— Это — борьба за то, что для нас самое близкое и дорогое: борьба за родину и ее торжество. Неужели в вас нет совсем этого чувства и стремления?
— У меня? Нет, многоуважаемый. Я излечился радикально. Я со стороны гляжу на эту игру, не аплодируя никому из актеров. Мне все равно.
Глава II
Дух ненависти
Флиднер вставал рано. Это была давнишняя привычка к регулярному образу жизни, которая поддерживала в нем неизменное спокойствие, уравновешенность и медлительную размеренность в словах и поступках, которыми он так гордился.

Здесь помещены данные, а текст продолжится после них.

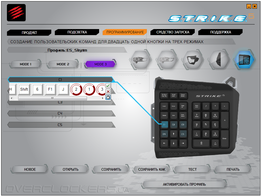 Над программируемыми кнопками 1–9 разместились три клавиши переключения профилей. Всего геймеру даётся в распоряжение три отдельных профиля. Для активации конкретного пресета необходимо нажать на соответствующий элемент. Создание и редактирование профилей также происходит через фирменное ПО Cyborg ST.
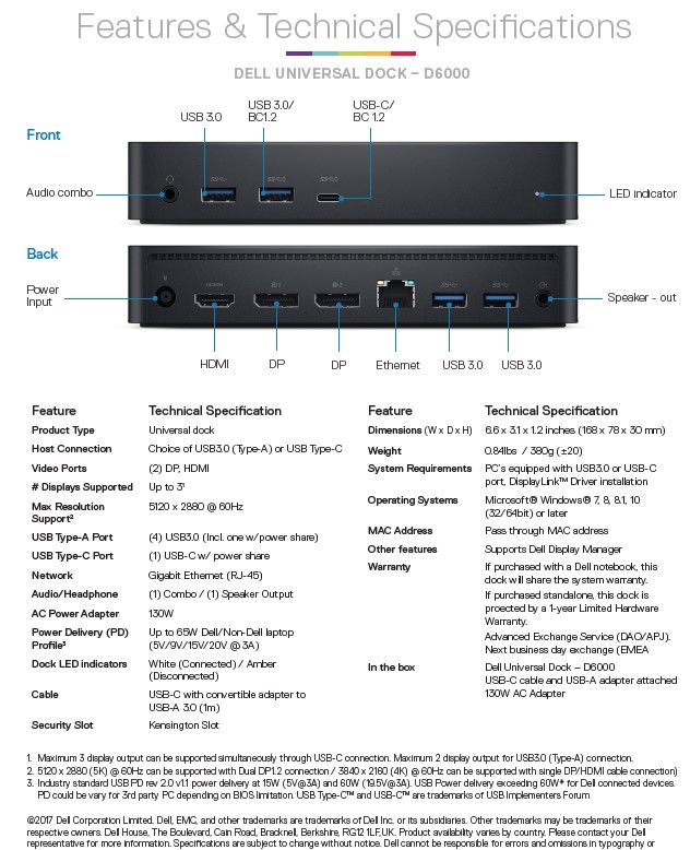 תחנת עגינה אוניברסלית למחשב נייד דל Dell Universal Dock D6000 452-BCYG up to three 4K displays USB 3.0,USB-C 65W laptop
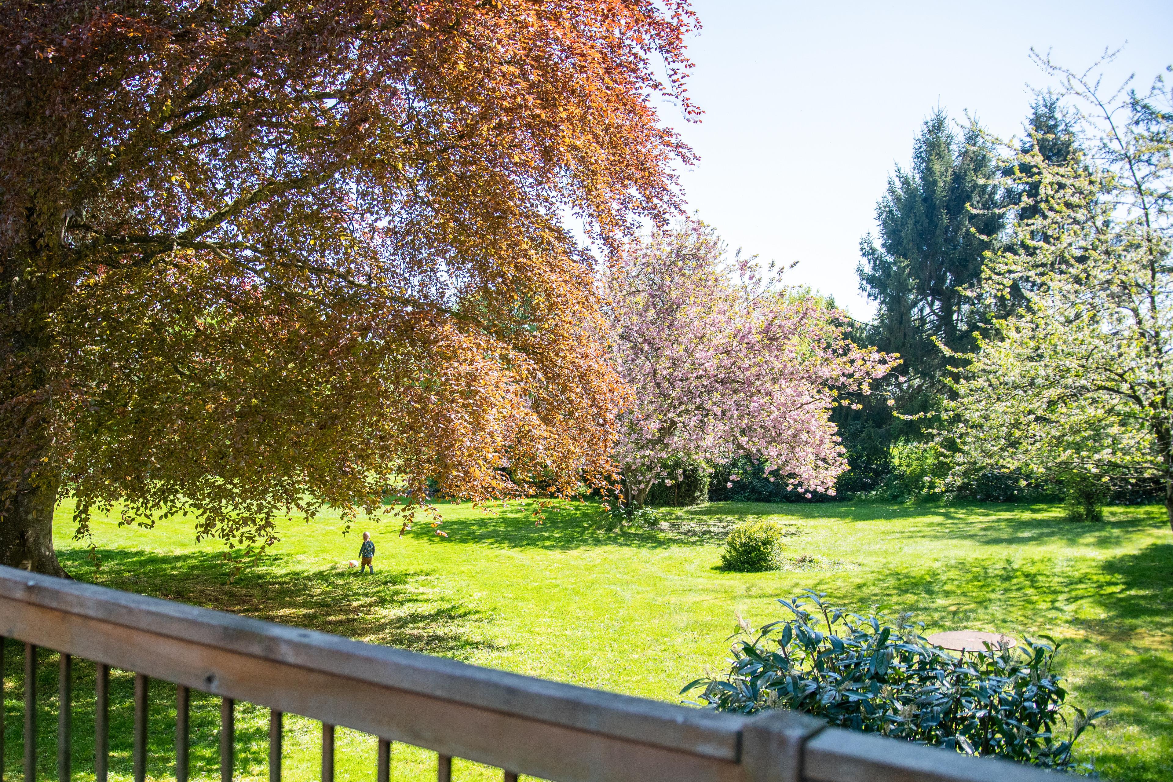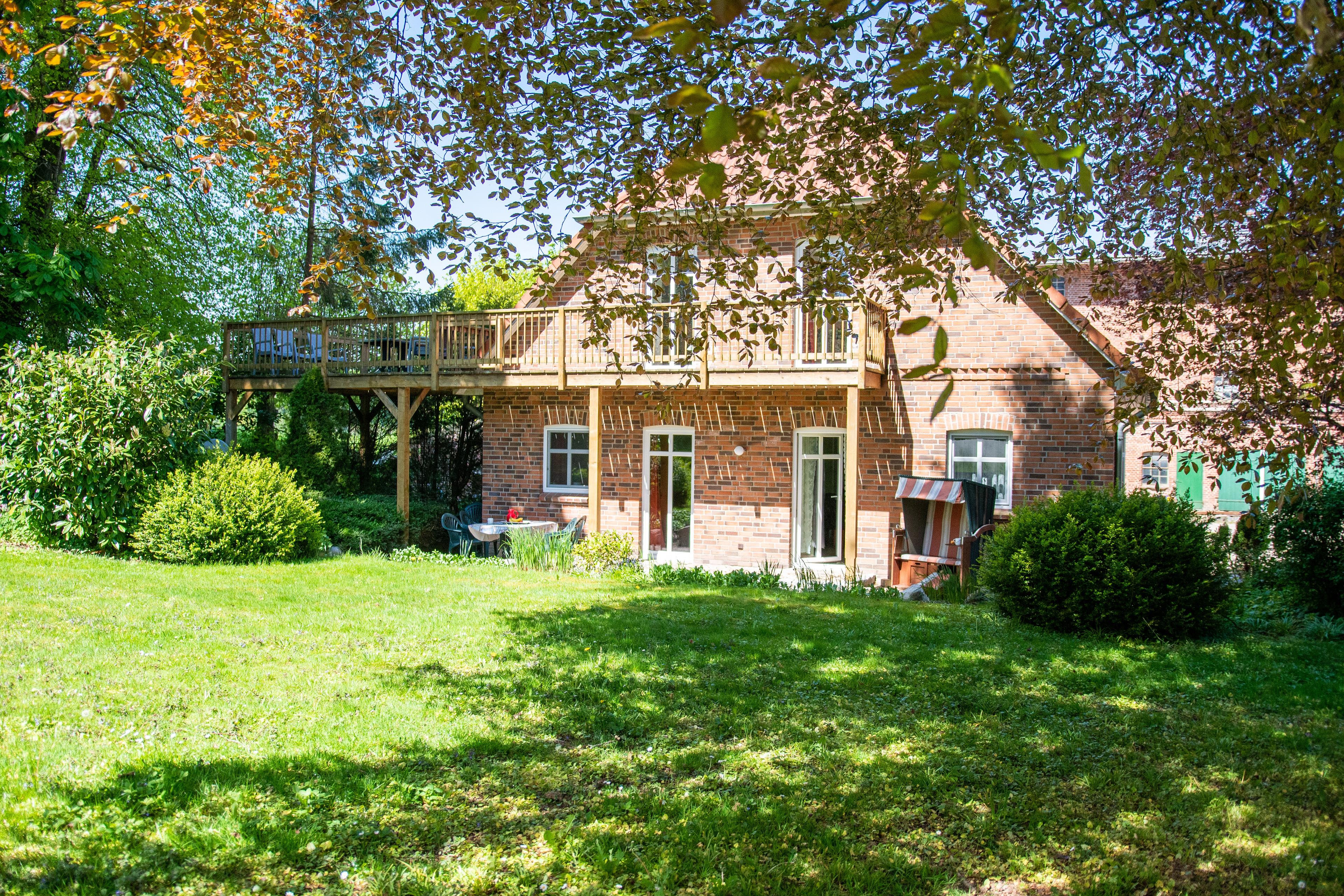 Helle Ferienwohnung mit großem Balkon & traumhaftem Ausblick auf Wald und Wiesen – Wohnung Sonnenschein auf dem Ferienhof Baustrup: familienfreundlich, hochwertig ausgestattet & haustierfrei.

Она сохраняла мозг, нервы и мускулы, держала мысль всегда отчетливой и ясной. И доставляло непередаваемое наслаждение такое точно регулируемое, медленное чередование округленных, законченных идей и образов; точно работа тщательно собранной и хорошо смазанной машины надежной и солидной фирмы.
Правда, за последнее время все чаще и чаще случались перебои.
Это было очень грустно; но, разумеется, всякий механизм рано или поздно начинает изнашиваться. С неизбежным надо примириться. Но все же следовало протянуть возможно дольше, — во всяком случае, пока не будет выполнена взятая им на себя задача. А тогда — пусть приходит старость…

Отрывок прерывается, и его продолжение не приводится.